J’ai entendu parler de Mazunte pour la première fois d’une femme qui vendait des tlayudas depuis une charrette à Pochutla. Elle en parlait comme on parle d’un secret qu’on a à moitié décidé de révéler : avec fierté et une légère réticence. Une heure plus tard, le colectivo nous a déposés au bord d’un chemin de terre et le Pacifique était là, soudain, immense et gris-vert, sentant le sel et les algues en décomposition et quelque chose de presque sucré en dessous.

Le Poids de Ce Qu’il Fut

Mazunte était, jusqu’en 1990, le site du dernier abattoir légal de tortues marines du Mexique. Tout le village organisait son économie autour de cela — la chair, les œufs, l’huile, le cuir. Puis le gouvernement a interdit la mise à mort, l’usine de traitement a fermé, et Mazunte s’est retrouvé avec rien. Cet effondrement n’appartient pas à l’histoire ancienne. Certains de ceux qui tiennent les tiendas et louent des emplacements de hamacs aujourd’hui l’ont vécu. On le ressent dans la façon dont les locaux parlent des tortues maintenant, avec cette tendresse particulière des gens qui sentent qu’ils ont une dette.

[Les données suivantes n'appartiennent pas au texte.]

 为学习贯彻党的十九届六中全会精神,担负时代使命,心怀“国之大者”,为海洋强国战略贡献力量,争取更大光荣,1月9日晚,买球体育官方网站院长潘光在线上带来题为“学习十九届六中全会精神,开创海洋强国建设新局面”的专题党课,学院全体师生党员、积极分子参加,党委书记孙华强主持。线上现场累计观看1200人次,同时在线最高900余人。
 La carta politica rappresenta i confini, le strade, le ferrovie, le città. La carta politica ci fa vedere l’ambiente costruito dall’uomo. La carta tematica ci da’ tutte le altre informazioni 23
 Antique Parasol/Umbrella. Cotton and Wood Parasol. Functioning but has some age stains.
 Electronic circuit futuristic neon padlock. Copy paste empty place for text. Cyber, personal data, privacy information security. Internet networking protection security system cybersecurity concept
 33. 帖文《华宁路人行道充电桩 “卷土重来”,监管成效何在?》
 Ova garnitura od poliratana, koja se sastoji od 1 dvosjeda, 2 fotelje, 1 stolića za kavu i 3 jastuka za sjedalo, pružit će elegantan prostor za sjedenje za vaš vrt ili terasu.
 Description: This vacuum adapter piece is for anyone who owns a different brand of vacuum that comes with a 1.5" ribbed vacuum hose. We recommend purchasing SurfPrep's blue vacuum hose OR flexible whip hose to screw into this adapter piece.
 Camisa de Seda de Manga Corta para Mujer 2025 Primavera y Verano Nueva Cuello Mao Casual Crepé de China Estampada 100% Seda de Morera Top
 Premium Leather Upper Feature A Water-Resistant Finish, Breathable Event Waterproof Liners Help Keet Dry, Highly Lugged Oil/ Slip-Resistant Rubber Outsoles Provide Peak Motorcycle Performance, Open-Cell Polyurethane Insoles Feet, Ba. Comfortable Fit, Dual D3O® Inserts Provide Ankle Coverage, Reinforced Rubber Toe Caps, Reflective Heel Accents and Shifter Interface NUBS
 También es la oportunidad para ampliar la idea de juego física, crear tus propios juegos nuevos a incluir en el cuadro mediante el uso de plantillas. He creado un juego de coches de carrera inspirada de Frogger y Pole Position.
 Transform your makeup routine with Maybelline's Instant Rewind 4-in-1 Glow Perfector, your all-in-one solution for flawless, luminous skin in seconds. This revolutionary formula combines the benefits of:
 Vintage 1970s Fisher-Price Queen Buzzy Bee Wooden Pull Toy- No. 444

The Body Shop, de toutes les entreprises, est arrivée au début des années quatre-vingt-dix avec un modèle de coopérative cosmétique. La coopérative est devenue Cosméticos Naturales, et la coopérative est devenue la seconde vie de Mazunte. En longeant la Calle Principal devant le bâtiment de production aux lignes basses, je sentais la lavande, le copal et quelque chose de citronné que je n’arrivais pas à identifier s’échappant par les fentes d’aération ouvertes.

Ce Qui M’a Surpris

Lia a trouvé le sanctuaire des tortues avant moi — le Centro Mexicano de la Tortuga, niché à l’extrémité est de la route de la baie. Je m’attendais à une opération touristique avec des panneaux plastifiés. Ce que j’ai trouvé à la place, c’est une station de recherche en activité, pleine de bassins où des chercheurs suivent les populations d’éclosion, avec le minimum de concessions au spectacle. Un biologiste nommé Rodrigo, manifestement là pour travailler plutôt que pour être regardé, s’est arrêté pour m’expliquer la différence entre les comportements de nidification de la tortue olivâtre et de la tortue luth avec l’impatience de quelqu’un interrompu en plein milieu d’une tâche. Cette impatience ressemblait à de l’honnêteté. Je suis reparti convaincu que les tortues étaient véritablement surveillées.

Les Soirs, En Particulier

Au crépuscule, la plage principale se vide des vendeurs et se remplit d’un silence étrange. Le ressac à Playa Mazunte n’est pas fait pour la baignade — le courant d’arrachement est brutal — mais debout à la limite des vagues tandis que la lumière vire au corail puis s’aplatit, à regarder les pélicans travailler le déferlement en formation, j’ai ressenti le soulagement particulier d’être quelque part qui n’a pas cherché à s’optimiser pour les visiteurs. Nous avons mangé du poisson grillé à une table dans le sable près des rochers de l’ouest, le genre de repas qui coûte presque rien et a entièrement le goût de l’endroit où l’on se trouve.

Quand y aller : De novembre à mars, les journées sont sèches et claires, avec une chaleur supportable. Juillet et août apportent la pluie, l’humidité et des conditions marines qui peuvent rendre les plages véritablement dangereuses — belles, mais sans indulgence.